Faits divers — Mac Val, Vitry-sur-Seine
Radicale, forte et percussive, l’équation à multiples inconnues de l’exposition Faits divers du Mac Val joue de la stupeur et du quotidien pour révéler, à travers l’art, des événements que le récit et la mise en avant portent au statut de stigmates de sociétés qui trouvent là matière au doute.
« Faits divers — Une hypothèse en 26 lettres, 5 équations et aucune réponse », MAC VAL Musée d'art contemporain du Val-de-Marne du 15 novembre 2024 au 14 avril 2025. En savoir plus Des perspectives troubles qui, malgré leurs tendances morbides, demandent à être mises en action et parcourues de manière active pour se révéler, au fil de l’enquête, plus fertiles qu’elles ne semblent. Avec une sélection d’œuvres fortes marquées par les signes du temps, faisant appel ou obéissant à des techniques modernes de l’ère industrielle (photographie, vidéo, peinture sur support projeté), la question de l’image, en tant que représentante fidèle du réel est au cœur du parcours. Autour de chapitres d’une belle pertinence intellectuelle, les œuvres choisies entrent chacune dans un défilé des possibles qui entretient la tension d’un fil aigu et exigeant. Si elle est littéralement pensée pour le plus grand public, l’exposition Faits divers n’en attend pas moins un certain investissement pour suivre les modulations de ces mises en fiction de nos histoires.Car l’imagerie du fait divers, elle aussi, contribue à façonner le langage visuel d’artistes. Les œuvres historiques de personnalités majeures de l’histoire de l’art côtoient des travaux moins célèbres avec bonheur. Toutes participent sur un pied d’égalité à un propos commun, une enquête dont les signes attendus (jeux d’ombre et de lumière, tirages photographiques à la définition approximative, coupures de journaux, reconstitutions poussives, etc.) n’éliminent jamais la surprise. Les régimes symboliques tressautent à chaque proposition, cachant à l’envi gravité profonde, facétie ludique ou ambiguïté indépassable. Divers comme les faits, les sens sont travaillés à l’aune de cette polyphonie polysémique où les sirènes de l’étrange et du fantasme partagent l’affiche avec leurs homonymes plus concrètes, celles de la police venant bien souvent sanctionner toute dérive définitive.
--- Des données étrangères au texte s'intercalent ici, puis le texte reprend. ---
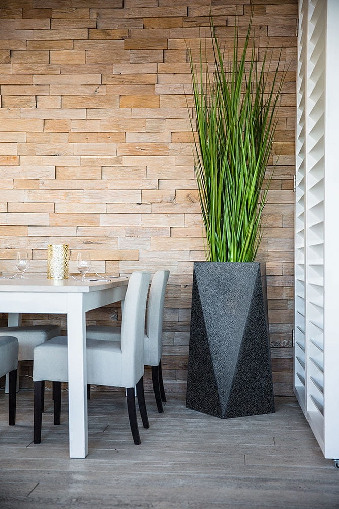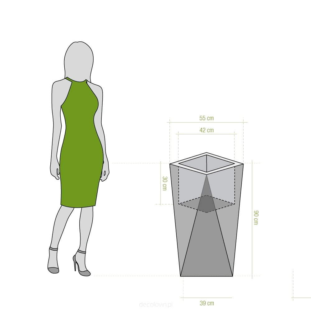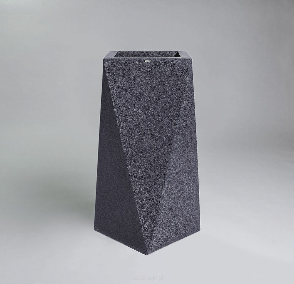 Duża donica o oryginalnym, geometrycznym kształcie. Jej ostre krawędzie sprawią, że charakter wystroju nabierze gustownej i nowoczesnej formy. Marka Decolovin proponuje imitujące ciemny marmurek donice Nevis o wysokości 90 cm wykonane z najwyższej jakości materiałów, gwarantujących ich trwałość i wytrzymałość. Produkt ten znajdzie zastosowanie nie tylko jako tradycyjna donica, ale także unikatowy, awangardowy element dekoracyjny zarówno wnętrz, jak i przestrzeni zielonych.

D’une prégnance initiale de la morbidité se décante un faisceau de perspectives de pensée dont les singularités, loin de coordonner un propos univoque, joue de l’aléatoire et de l’infinité possible de son sujet, le « fait divers », pour prouver sa vivacité. Car s’il est question d’enquête, le fait divers est surtout ce que les observateurs du quotidien choisissent de donner à voir. Rangé parmi les « impondérables », il n’en demeure pas moins ce qui se raconte (ou se conte), constituant la bibliothèque en actes d’une somme de conduites dont la résolution marque par sa rupture avec la normalité.
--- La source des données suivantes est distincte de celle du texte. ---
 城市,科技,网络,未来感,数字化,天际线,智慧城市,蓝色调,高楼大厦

Un miroir, peut-être en ce sens, de l’œuvre d’art et sa propension au fracas de l’ordre et désordre attendus pour imposer son alliage de forme avec d’autant plus de force qu’elle se donne comme seule. Et un écho ultime à la vision de Barthes, dont le texte « La structure du fait divers » est à l’origine de la présentation, cette assertion que le fait divers ne dit rien du réel. Pour autant, il contribue à en façonner ce qu’on peut en dire.
Ainsi, à travers un parcours d’une belle audace formelle dans sa dureté, où les œuvres se mêlent autour de pièces à conviction qui les reflète, Faits divers défie les conventions dans un jeu de pistes, toutes uniques qui, ensemble, font définitivement œuvre commune.